As shown in Figure 3, it was worth noting that the significant content variation between the SQP-1 sample and SQP-2 sample was observed. As for linderane, a marker compound for quality control in current Chinese Pharmacopeia [6], the mean content levels (132 μg/g for SQP-1 and 266 μg/g for SQP-2) were superior to the mandatory criteria (i.e., no less than 90 μg/g) albeit the 2-fold difference between the two products. However, for the most of the other constituents, the content levels in SQP-2 sample were larger than SQP-1 sample. The diarylheptanoids’ content levels in SQP-2 were 3–5 times higher than SQP-1. Similarly, this data for flavonoids was 2–3 times. The possible explanation for these discrepancies could be that the herbal raw materials were different between the two companies.
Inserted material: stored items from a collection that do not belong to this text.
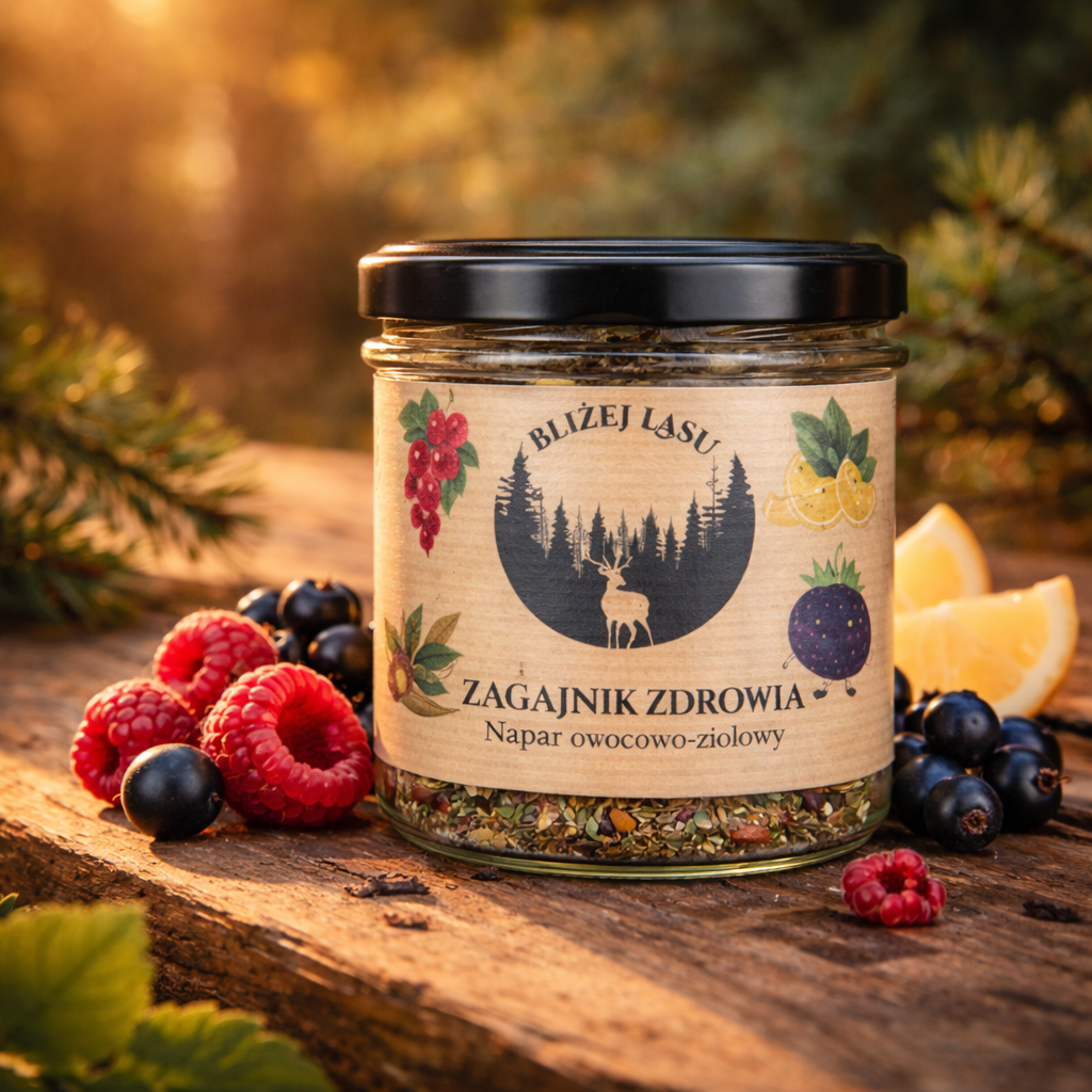 Zagajnik Zdrowia to wielowymiarowa mieszanka inspirowana naturą – jak spacer po leśnej polanie pełnej ziół, owoców i świeżego powietrza. Łączy kojące właściwości melisy i rumianku z intensywnością owoców leśnych oraz subtelną energią yerba mate.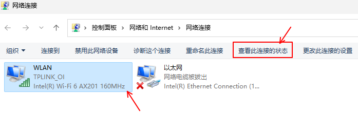 找到你的電腦鏈接的wifi適配器雙擊,或者選中后點擊圖上指出的“查看此鏈接狀態(tài)”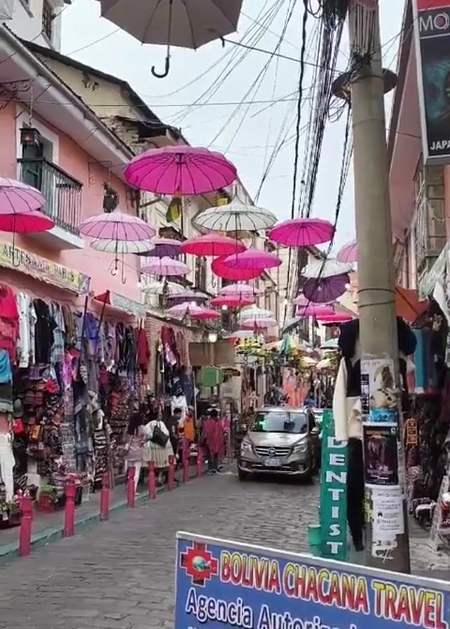street scene in a town decorated with colorful umbrellas suspended overhead. The street is paved with cobblestones and lined with buildings, many of which are painted pink or other light colors. Shops selling clothing, souvenirs, and other goods line the street. Several people are walking along the street, browsing the shops. A car is parked in the middle of the street, and another car is visible in the distance. Power lines and other wires are strung across the sky, above the umbrellas. A sign for "Bolivia Chacana Travel" is visible in the foreground.
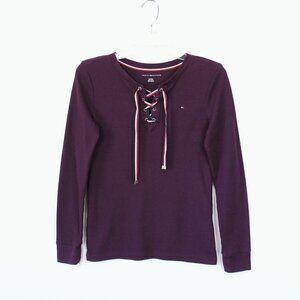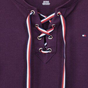 Tommy Hilfiger Purple Waffle Lace Up Henley Extra Small

Thus, strict quality control for raw material and adequate in-process controls should be properly carried out. In the cases where the active principles are unknown, marker substance(s) should be established for analytical purposes.

In the present work, we also found other compounds occurred in the SQC and SQP sample including linderagalactone D, linderagalactone C, hydroxylindestenolide, neolinderalactone, reticuline and norboldine. These phytochemicals were well separated and their precursor-to-product ion pairs were set at 263.5→227.2, 263.5→217.1, 247.7→229.2, 245.5→199.4, 330.2→192.2 and 314.0→265.3 according to the data reported in literature [11, 22]. However, these compounds were not quantified because the corresponding reference standards were not available.

Conclusion

In summary, a new UFLC-MS/MS method was developed and validated. The proposed method was sensitive and reliable and then successfully applied to simultaneously quantify the 14 phytochemicals occurred in SuoQuan formulae. Significant content variations were observed. Manufacturing processes influenced the content levels between the different dosage forms. The quality of raw materials play a pivotal role in guaranteeing the consistently good quality of herbal preparations. Sufficient chemical information and assay for particular constituents or markers are helpful in understanding of the clinical effects of the herbal product.